Tal exigência não encontra respaldo no mínimo da legalidade e não são poucas as decisões do judiciário condenando tal procedimento, no interesse de proteção das prerrogativas dos contribuintes, consumidores finais ou não, pessoas físicas ou jurídicas.

Sendo a operação comercial legal e permitida, não pode o ente (União ou Estado) condicionar a liberação de mercadoria ao recolhimento do tributo.

Primeiramente será abordado de forma resumida a questão da importação e o fato gerador do II – Imposto sobre Importação, e posteriormente as operação interestadual e o fato gerador do ICMS, mais precisamente ao diferencial de alíquota.

Devido ao presente artigo não poder ser extenso e necessariamente ser uma fonte de rápida de pesquisa, quanto referir-me ao ICMS – Imposto Sobre Operações de Circulação de Mercadorias e Serviços de Transporte Interestadual e Intermunicipal e de Comunicação, estarei pautando-me no regulamento do ICMS do DF, Decreto nº 18.955/97.


1 - ICMS – Imposto Sobre Operações de Circulação de Mercadorias e Serviços de Transporte Interestadual e Intermunicipal e de Comunicação

A previsão legislativa do ICMS esta consagrada na Magna Carta, no inciso II, art. 155, in verbis:

Art. 155. Compete aos Estados e ao Distrito Federal instituir impostos sobre:(Redação dada pela Emenda Constitucional nº 3, de 1993).

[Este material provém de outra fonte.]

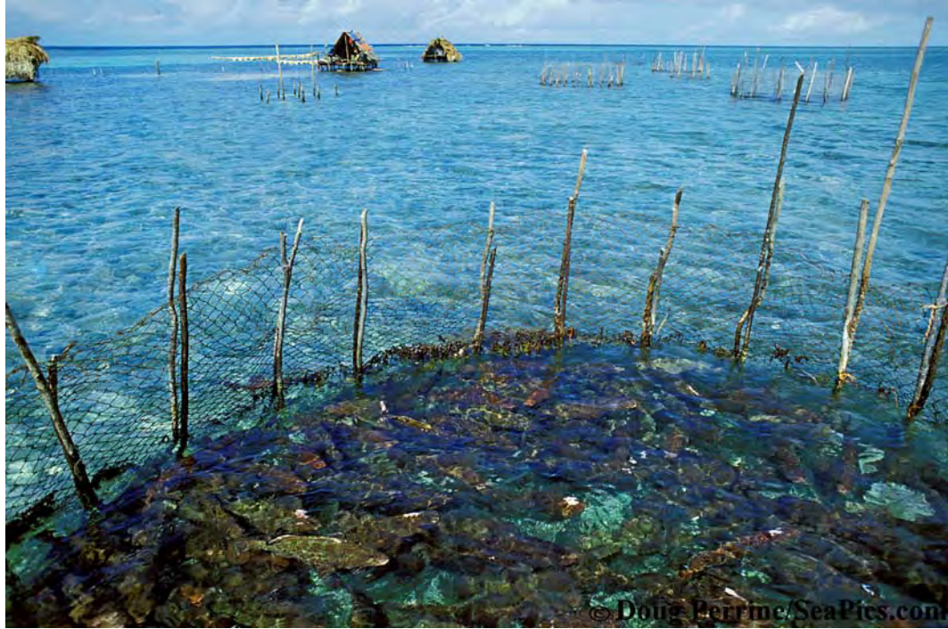
Figure 4: Fish corrals or holding pens built from mangrove stakes and chicken wire used for keeping the Nassau grouper alive.

Fishing at Caye Glory during the Nassau grouper spawning aggregation was hard work (Craig 1966, Carter 1988). The fishing was done in deep water on the outside of the reef. Fish were placed in the dories and “we had a guy there beating them with a stick.” 24 Inside the reef, the fishermen built shacks or camps in which they ate, slept and corned, or salted and dried, their fish. The more prosperous fishermen also had pens, essentially wire cages in 3 or 4 feet of water, in which they kept fish alive and took them to market live. Those with no pens had to corn their fish at the end of each day in order to preserve them, while the others corned only the fish that did not survive to get into the pens. Descriptions of that hard work from the interviewed fishermen again reinforce the picture of bounty, as illustrated by the following comments:

II - operações relativas à circulação de mercadorias e sobre prestações de serviços de transporte interestadual e intermunicipal e de comunicação, ainda que as operações e as prestações se iniciem no exterior;(Redação dada pela Emenda Constitucional nº 3, de 1993.

O Imposto sobre Operações de Circulações de Mercadorias e Serviços de Transporte Interestadual e Intermunicipal e de Comunicação – ICMS surgiu com a constituição de 1988, resultando da junção ao antigo Imposto Estadual sobre Operações Relativas à Circulação de Mercadorias – ICM do Imposto Sobre Serviços de Transporte e Comunicação, que era de competência originária da União, eis o motivo do “s” em sua denominação. Com toda certeza e sombra de dúvidas de que é a maior fonte de renda dos Estados e do Distrito Federal.[1]

Atualmente o ICMS é regulado pela Lei Complementar 87/96, a popularmente “Lei Kandir”.

1.1 – Materialidade – Conceito de Circulação

O termo circulação utilizado na Constituição Federal fora de forma jurídica (transferência de propriedade), como física da circulação ou puramente econômica. Ambas devem estar presentes para legitimar a cobrança do ICMS: isoladamente consideradas, são condições necessárias, mas não suficientes para tal desiderato. Se qualquer uma delas estiver ausente, a exigência será ilegítima, por carência de competência, vejamos:

Sem a circulação jurídica, isto é, sem a transferência de propriedade, é indevida a incidência do ICMS. Neste sentido, é clássica lição de Baleeiro no sentido de que não enseja a cobrança de ICMS: “a simples deslocação da mercadoria para fora do estabelecimento, permanecendo no propriedade e posse direito do contribuinte, seja para depósito, custódia, penhor, comodato ou reparos. Se admitirmos solução contrária, até o furto da mercadoria seria fato gerador do ICMS.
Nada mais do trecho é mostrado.